Your hairline is so far back that it goes all the way across the globe.
Memes
Why is the cheetah so fast?
Because it can't walk slow.
Why are gay men so rude? Because they're fucking assholes.
Why is the penis so light?
Because even thots can lift them.
Why do basketball players love cookies so much?
Because they can dunk them!
Q: Why do I like bone jokes so much?
A: Because they are humerus.
My enemy told me I’m adopted, so I told him at least I got adopted.
"Yo mama is so fat that when I buried her, she made the Earth round."
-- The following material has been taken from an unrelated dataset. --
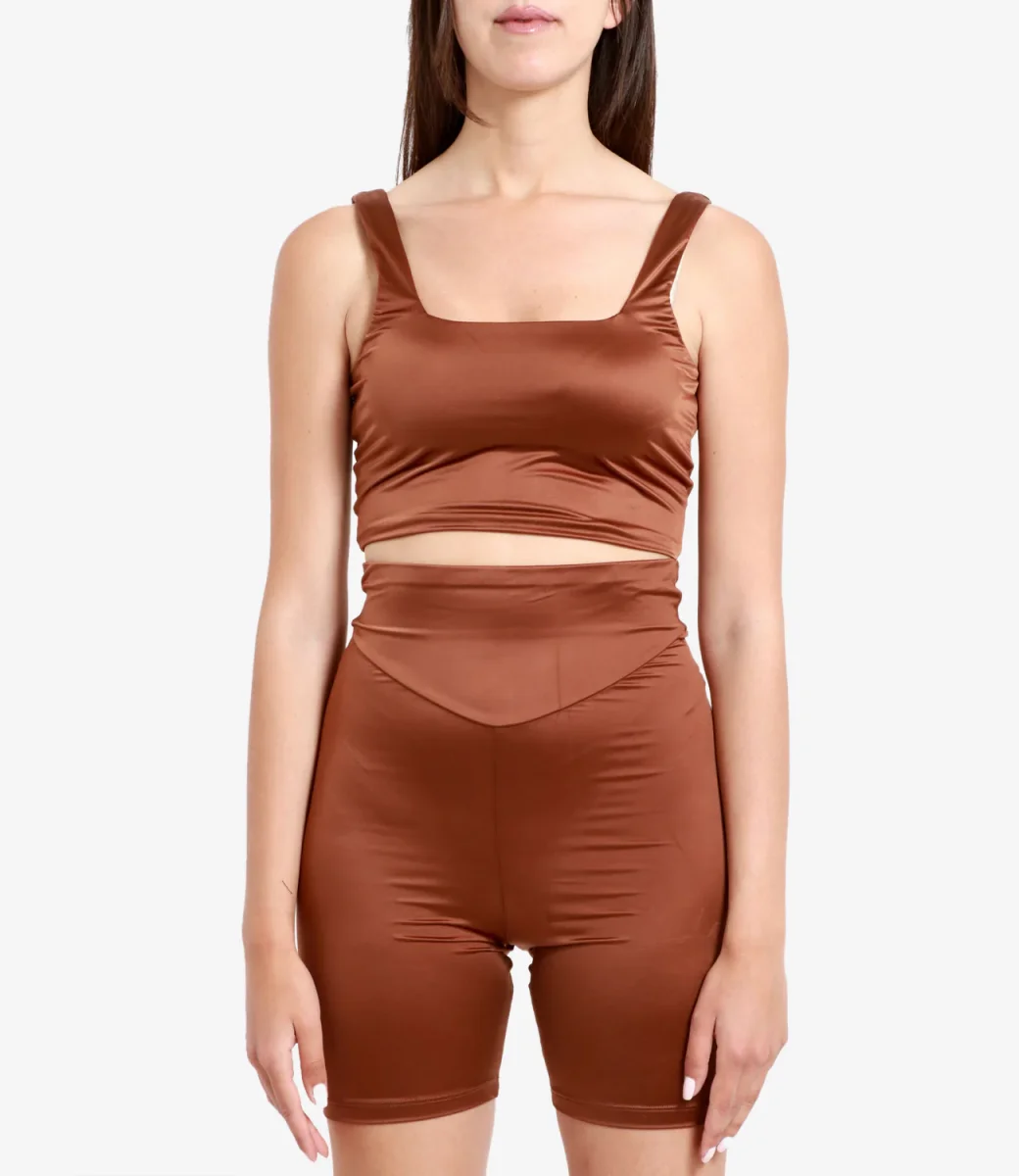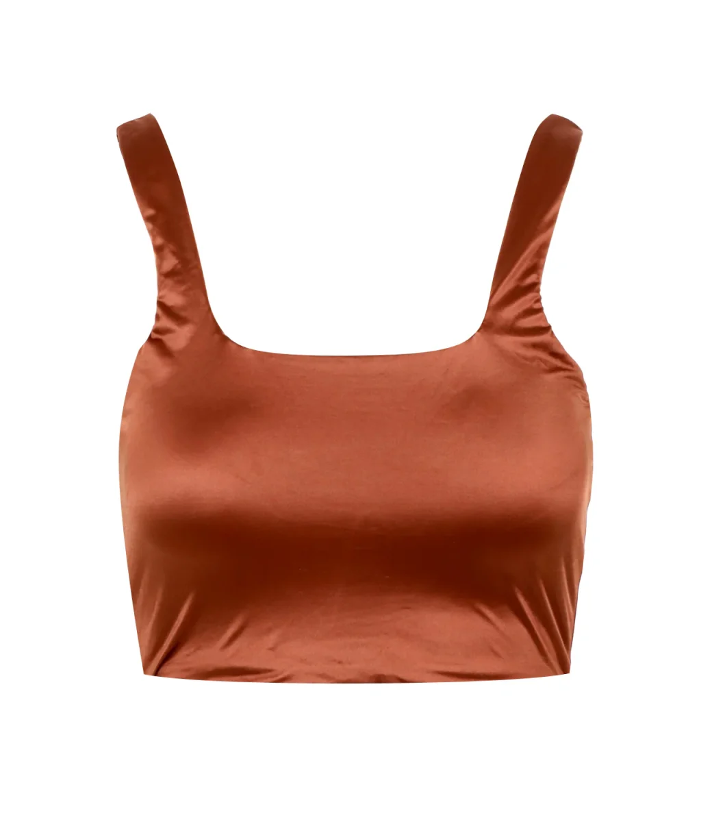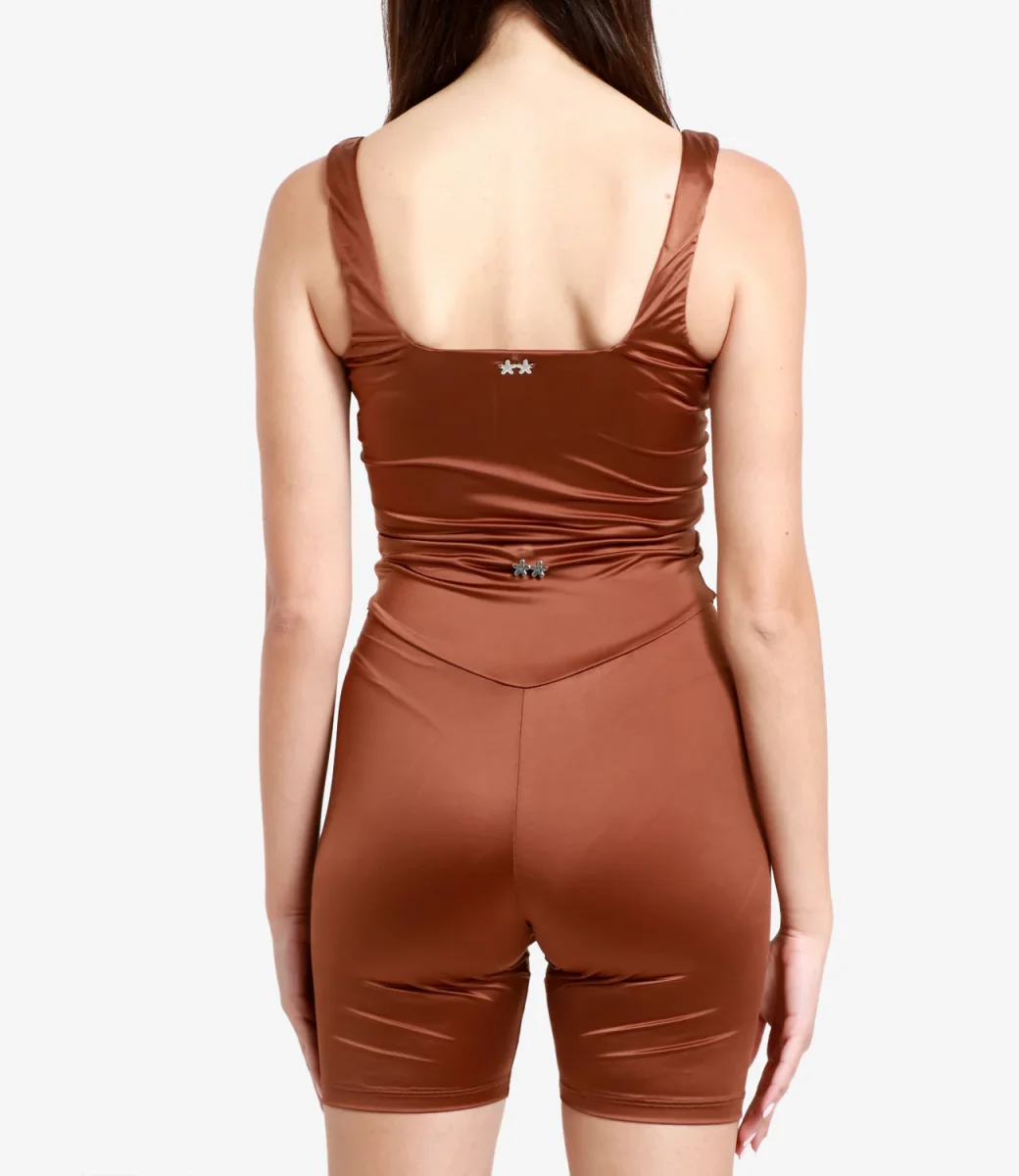 Top canotta F**K Project in tessuto lycra lucida senza imbottitura, con applicazioni argento sul retro .

Yo mama so fat Trump built a wall around her and not the border.
Yo Mama is so FAT, it wasn't an iceberg that sank it, she was called, "THE MAMABERG!"
Your forehead is so big that we may as well call it a fivehead.
Your forehead is so big that babies can use it as a full-sized football pitch!
Why do US suck at chess? We lost both our towers.
Why is England so good at chess? They still have their queen.
Why does Russia suck at chess? They only have pawns.
Yo mama so stupid, she shoved two AA batteries up her ass and started singing, "I’ve Got The Power!"
Yo momma so skinny, she wipes with floss!
People need to stop taking life so seriously. After all, no one gets out alive!